My Documents by Alejandro Zambra
Whether chronicling the attempts of a migraine-afflicted writer to quit smoking or the loneliness of the call-centre worker, the life of a personal computer or the return of a mercurial godson, this collection of stories evokes the disenchantments of youth and the disillusions of maturity in a Chilean society still troubled by its recent past. "Alejandro Zambra’s My Documents is also his best: an eclectic, disconcerting, at times harrowing read. His voice is unique, honest and raw, and there is poetry on every page. Zambra’s fiction doubles as a kind of personal history, full of anguish, humour and verve. A truly beautiful book." — Daniel Alarcón


Sunday 22 January 2017

Late nights 1/7. We are open every Thursday until 7:30. Drop in for some relaxed browsing and conversations about books! This Thursday is also the monthly Late Night on Hardy, so there'll be a string of shops on Hardy Street for you to visit, too.
 
 
 
 
 
 






Shaun Tan produces wonderful books, The Arrival and Tales from Outer Suburbia are two of my favourites. Tales from Outer Suburbia has recently been re-published with an accompanying jigsaw puzzle in a slipcase edition. This book is for slightly older reading age than his well-known picture books, The Red Tree and The Lost Thing.

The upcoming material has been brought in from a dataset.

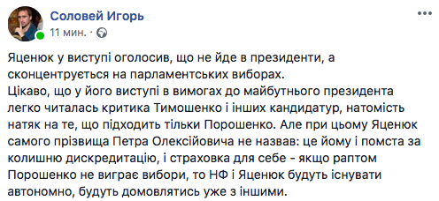 "Яценюк в выступлении объявил, что не идет в президенты, а сконцентрируется на парламентских выборах. Интересно, что в его выступлении в требованиях к будущему президенту легко читалась критика Тимошенко и других кандидатур, а также намек на то, что подходит только Порошенко. Но при этом Яценюк самой фамилии Петра Алексеевича не назвал: это ему и месть за прежнюю дискредитацию, и страховка для себя - если вдруг Порошенко не выиграет выборы, то НФ и Яценюк будут существовать автономно, будут договариваться уже с другими".

Each chapter is a story set in the world of Outer Suburbia: they are intriguing magical tales about what you may notice if you observe your surroundings carefully. A water buffalo that lives at the end of the street, a journey to the edge of the world at the edge of suburbia, a beautiful garden discovered beyond the walls of a mundane suburban home, and the colourful worlds you find beyond the drabness of everyday existence. Tan’s drawings and stories are exquisite, sometimes unsettling, but always a glimmer of something beautiful just around the corner if you’re adventurous enough to step out on a journey of discovery.
{Review by STELLA}








From jigsaws to masks! Masks in the Forest by Laurent Moreau is a story told with masks.  The hunter is entering the forest, feeling confident and sure of his ability to ensnare an animal or two. Little known to him, the animals and forest creatures are well aware of his intentions and ready to counter him. The reader of the story can help too! Pop out the face masks and join in with the story. This is a simple story which children can engage with, becoming the characters in the book by donning a mask or two. Plenty of fun and a happy ending too! The illustrations are attractive and the combination of animals - tiger, monkey, deer - and mythical forest creatures - giant, elf - give an added dimension to the story-telling. With nine masks in total this could make a lovely gift for a family, or group of children where new stories can be told as well as the author’s own.
{Review by STELLA}







Cloth Lullaby is a beautifully illustrated children’s book about the artist Louise Bourgeois, outlining her early connection with textiles via her family’s work as tapestry restorers for generations in France, her early connection with nature, and her path to becoming an artist. While studying mathematics in Paris, Louise’s mother dies and Louise abandons her studies and begins her work as a painter and sculptor -  a homage to her mother. The giant spiders she produced are the weavers of webs, and constant repairers. Louise marries and moves to New York, continuing her work in the moments between family and scratching out a living, and builds a dossier of work, fairly much in obscurity. It was not until she was in her 70's that a retrospective exhibition acknowledged her importance as an accomplished and influential artist. Another current publication is Intimate Geometries: The life and work of Louise Bourgeios by critic and curator Robert Storr. This is  a comprehensive, insightful and generously illustrated book. 
{Review by STELLA}











This is the Place to Be by Lara Pawson {Reviewed by THOMAS}
What do you report when you become uncertain of the facts, of the notion of truth and of the purpose of writing? What can you understand of yourself when you are uncertain how or if your memories can be correlated with known 'facts'? Is your idea of yourself anything other than the sum of your memories? Lara Pawson was for some years a journalist for the BBC and other media during the civil wars in Angola, and on the Ivory Coast. In this book, her experiences of societies in trauma, and her idealism for making the 'truth' known, are fragmented (as memory is always fragmented) and mixed with memory fragments of her childhood and of her relationships with the various people she encountered before, during and after the period of heightened awareness provided by war. It is this intermeshing of shared and personal perspectives, sometimes reinforcing and sometimes contradicting each other, always crossing over and back over the rift that separates the individual and her world, that makes this book such a fascinating description of a life. By constantly looking outwards, Pawson has conjured a portrait of the person who looks outwards, and a remarkable depiction of the act of looking outwards. Every word contributes to this pointillist self-portrait, and the reader hangs therefore on every word.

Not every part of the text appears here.